Initial Angular Momentum and Flow in High Energy Nuclear Collisions
Abstract
We study the transfer of angular momentum in high energy nuclear collisions from the colliding nuclei to the region around midrapidity, using the classical approximation of the Color Glass Condensate (CGC) picture. We find that the angular momentum shortly after the collision (up to times ~ 1/Qs, where Qs is the saturation scale) is carried by the "beta-type" flow of the initial classical gluon field, introduced by some of us earlier. betai ~ mu1 nablai mu2 - mu2 nablai mu1 (i=1,2) describes the rapidity-odd transverse energy flow and emerges from Gauss' Law for gluon fields. Here mu1 and mu2 are the averaged color charge fluctuation densities in the two nuclei, respectively. Interestingly, strong coupling calculations using AdS/CFT techniques also find an energy flow term featuring this particular combination of nuclear densities. In classical CGC the order of magnitude of the initial angular momentum per rapidity in the reaction plane, at a time 1/Qs, is |dL2/d eta| ~ RA/Qs3 epsilon0/2 at midrapidity, where RA is the nuclear radius, and epsilon0 is the average initial energy density. This result emerges as a cancellation between a vortex of energy flow in the reaction plane aligned with the total angular momentum, and energy shear flow opposed to it. We discuss in detail the process of matching classical Yang-Mills results to fluid dynamics.
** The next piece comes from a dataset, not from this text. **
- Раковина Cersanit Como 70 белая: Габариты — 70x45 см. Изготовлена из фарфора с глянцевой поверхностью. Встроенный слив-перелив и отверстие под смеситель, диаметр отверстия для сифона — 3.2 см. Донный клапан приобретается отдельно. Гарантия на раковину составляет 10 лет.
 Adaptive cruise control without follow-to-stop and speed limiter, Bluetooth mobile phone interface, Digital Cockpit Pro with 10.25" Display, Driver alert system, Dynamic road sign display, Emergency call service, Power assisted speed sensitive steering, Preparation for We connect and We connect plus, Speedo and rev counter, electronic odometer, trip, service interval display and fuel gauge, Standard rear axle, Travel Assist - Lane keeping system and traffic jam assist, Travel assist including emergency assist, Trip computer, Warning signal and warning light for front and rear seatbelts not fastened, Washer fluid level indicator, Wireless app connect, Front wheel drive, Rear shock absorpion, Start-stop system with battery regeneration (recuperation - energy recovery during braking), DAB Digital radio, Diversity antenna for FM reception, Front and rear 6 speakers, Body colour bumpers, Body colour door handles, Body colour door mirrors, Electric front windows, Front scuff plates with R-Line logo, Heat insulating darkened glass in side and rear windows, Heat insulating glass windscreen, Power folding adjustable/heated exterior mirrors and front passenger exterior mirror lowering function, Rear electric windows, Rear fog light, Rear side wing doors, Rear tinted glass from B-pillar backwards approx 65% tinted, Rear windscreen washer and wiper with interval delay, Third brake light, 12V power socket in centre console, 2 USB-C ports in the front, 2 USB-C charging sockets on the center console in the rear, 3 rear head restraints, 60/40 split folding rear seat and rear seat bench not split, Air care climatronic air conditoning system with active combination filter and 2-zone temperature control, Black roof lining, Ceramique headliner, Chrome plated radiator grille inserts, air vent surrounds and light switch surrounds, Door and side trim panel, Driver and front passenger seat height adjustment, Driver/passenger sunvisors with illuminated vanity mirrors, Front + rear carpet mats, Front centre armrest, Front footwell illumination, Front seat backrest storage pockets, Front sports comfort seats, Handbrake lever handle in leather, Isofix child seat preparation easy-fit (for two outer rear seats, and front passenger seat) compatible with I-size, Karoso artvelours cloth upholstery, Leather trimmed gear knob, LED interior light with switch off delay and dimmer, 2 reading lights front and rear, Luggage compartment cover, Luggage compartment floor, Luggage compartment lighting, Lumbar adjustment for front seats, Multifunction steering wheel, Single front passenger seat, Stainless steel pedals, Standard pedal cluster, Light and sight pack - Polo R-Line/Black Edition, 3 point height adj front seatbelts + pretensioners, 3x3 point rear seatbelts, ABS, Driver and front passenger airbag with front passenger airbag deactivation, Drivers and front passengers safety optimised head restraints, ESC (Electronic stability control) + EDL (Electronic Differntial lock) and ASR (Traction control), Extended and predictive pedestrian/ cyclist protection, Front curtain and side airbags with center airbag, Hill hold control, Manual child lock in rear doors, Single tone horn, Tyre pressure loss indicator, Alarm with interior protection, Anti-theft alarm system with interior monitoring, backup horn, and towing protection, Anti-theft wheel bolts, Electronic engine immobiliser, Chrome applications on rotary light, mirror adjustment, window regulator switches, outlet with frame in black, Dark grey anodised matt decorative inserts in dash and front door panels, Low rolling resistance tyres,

We will argue that dissipative corrections should not be discarded to ensure that macroscopic conservation laws, e.g. for angular momentum, hold. Viscous fluid dynamics tends to dissipate the shear flow contribution that carries angular momentum in boost-invariant fluid systems. This leads to small residual angular momentum around midrapidity at late times for collisions at high energies.